Among the entries below, find the line with "Secteur SUD du marais Burret fermé Secteur" and the line with "Telecaster hecha con". Return exactly those lines and every line between them, but no pictures.

## Records shown
*** Block opens ***

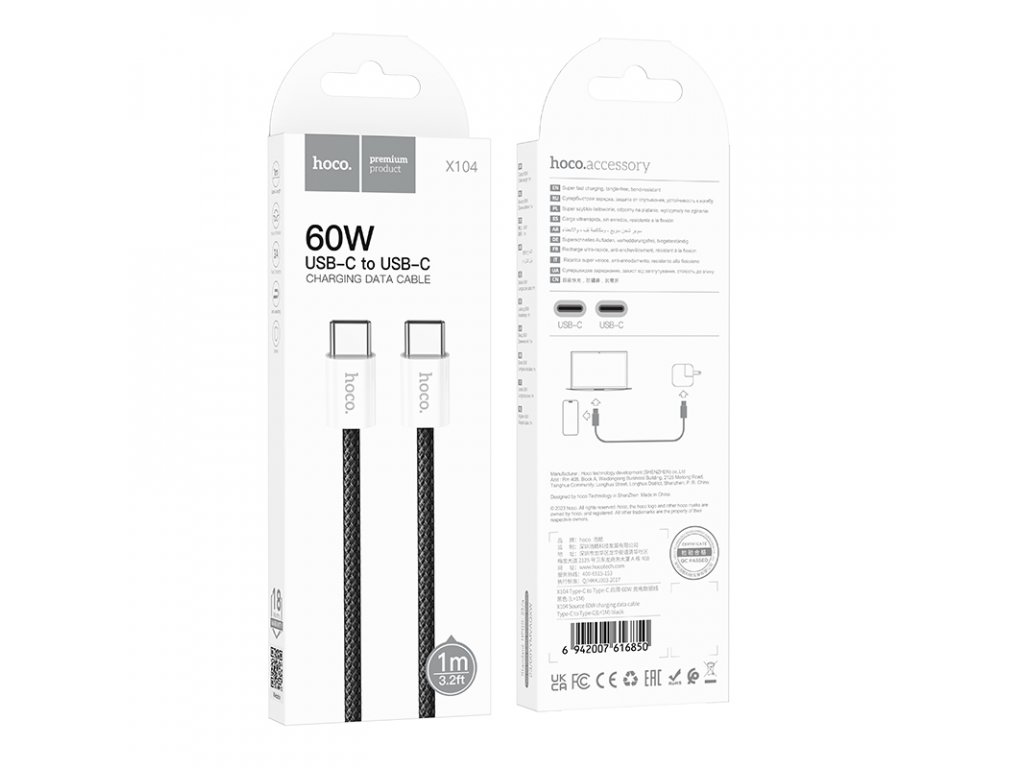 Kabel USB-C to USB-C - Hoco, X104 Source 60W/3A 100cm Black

*** Block closes ***
*** Block opens ***

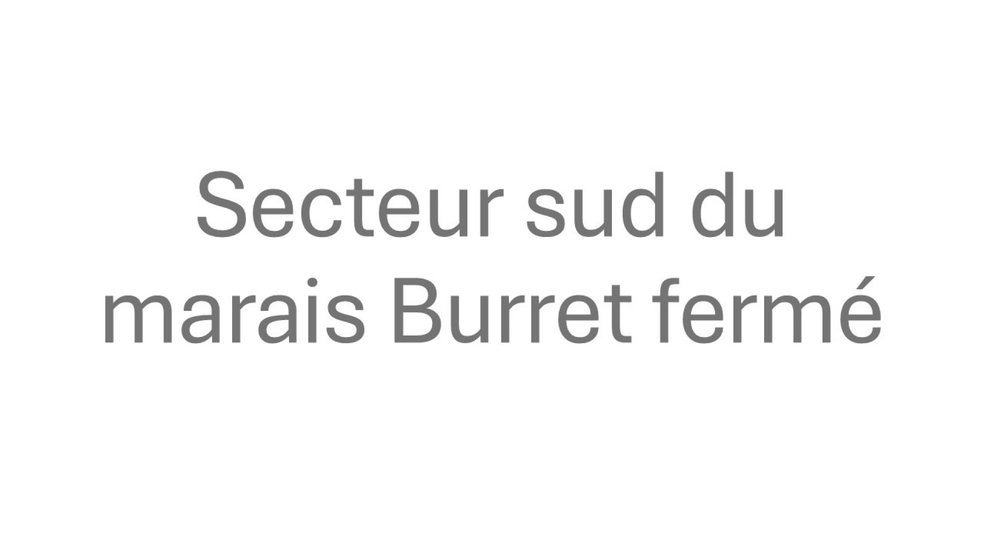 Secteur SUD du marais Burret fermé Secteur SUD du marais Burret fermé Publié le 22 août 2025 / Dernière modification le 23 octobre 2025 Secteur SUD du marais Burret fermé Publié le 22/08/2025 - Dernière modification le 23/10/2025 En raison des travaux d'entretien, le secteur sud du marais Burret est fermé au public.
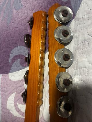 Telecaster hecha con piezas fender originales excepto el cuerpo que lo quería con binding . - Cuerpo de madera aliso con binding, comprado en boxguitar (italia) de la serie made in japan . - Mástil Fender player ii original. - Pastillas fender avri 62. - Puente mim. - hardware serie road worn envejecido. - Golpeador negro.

*** Block closes ***

## Response to the exercise
 Secteur SUD du marais Burret fermé Secteur SUD du marais Burret fermé Publié le 22 août 2025 / Dernière modification le 23 octobre 2025 Secteur SUD du marais Burret fermé Publié le 22/08/2025 - Dernière modification le 23/10/2025 En raison des travaux d'entretien, le secteur sud du marais Burret est fermé au public.
 Telecaster hecha con piezas fender originales excepto el cuerpo que lo quería con binding . - Cuerpo de madera aliso con binding, comprado en boxguitar (italia) de la serie made in japan . - Mástil Fender player ii original. - Pastillas fender avri 62. - Puente mim. - hardware serie road worn envejecido. - Golpeador negro.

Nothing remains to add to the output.